Great Deals operates mainly as an e-commerce service provider for over 300 brands spanning everything from local food groups San Miguel and Del Monte to multinational consumer brands such as Unilever and L'Oreal.

The company runs the brands' stores on e-commerce portals such as Lazada and Shopee and handles those brands' digital content and warehousing needs. It also partners with Singapore's Grab on its grocery shopping service in the Philippines via GrabMart.

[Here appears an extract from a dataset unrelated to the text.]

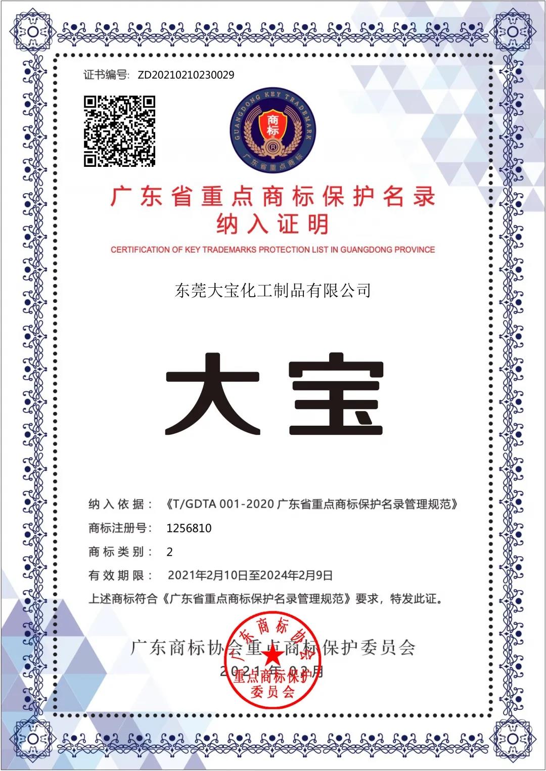 經(jīng)過近一年的嚴(yán)格審查和篩選,近日,大寶漆商標(biāo)被納入廣東省重點(diǎn)商標(biāo)保護(hù)名錄。據(jù)悉本次評(píng)選涵蓋全國各大知名品牌企業(yè),最終有790多件商標(biāo)納入本次保護(hù)名錄中!新征程喜訊加磅,企業(yè)實(shí)力及品牌價(jià)值再獲權(quán)威認(rèn)證!

"Technically, we are the one selling to the consumers ... not in our name, but in the name of the brand," Sy said.

Great Deals is among the few companies that have benefited from the pandemic. Its revenue surged to 4.4 billion pesos ($92 million) last year from 1 billion pesos in 2019, and the company aims to double that figure again this year.

The pandemic "is a silver lining for us. When we had a lockdown, it helped that people were buying online," Sy said.

Great Deals will also open warehouses in the central and southern Philippines this year, and will invest to boost its technological capabilities, Sy said.

The company's $30 million Series B round is a welcome development in the Philippines. Many startups have struggled to attract capital due to fierce competition with regional players. But investors say e-commerce and fintech will continue to be attractive segments in the market of around 110 million people.

According to iPrice Group, visits to online shopping sites in the Philippines jumped 21% in 2020, the second-highest growth in Southeast Asia after Singapore, which recorded a 35% increase.

Sy said the next fundraising round is aimed at financing Great Deals' regional expansion.

"In terms of looking at the vision of the company, definitely we would like to have an international IPO because we will [have] a regional play -- so not just in the Philippines," Sy said. The initial public offering could happen "maybe in three to four years."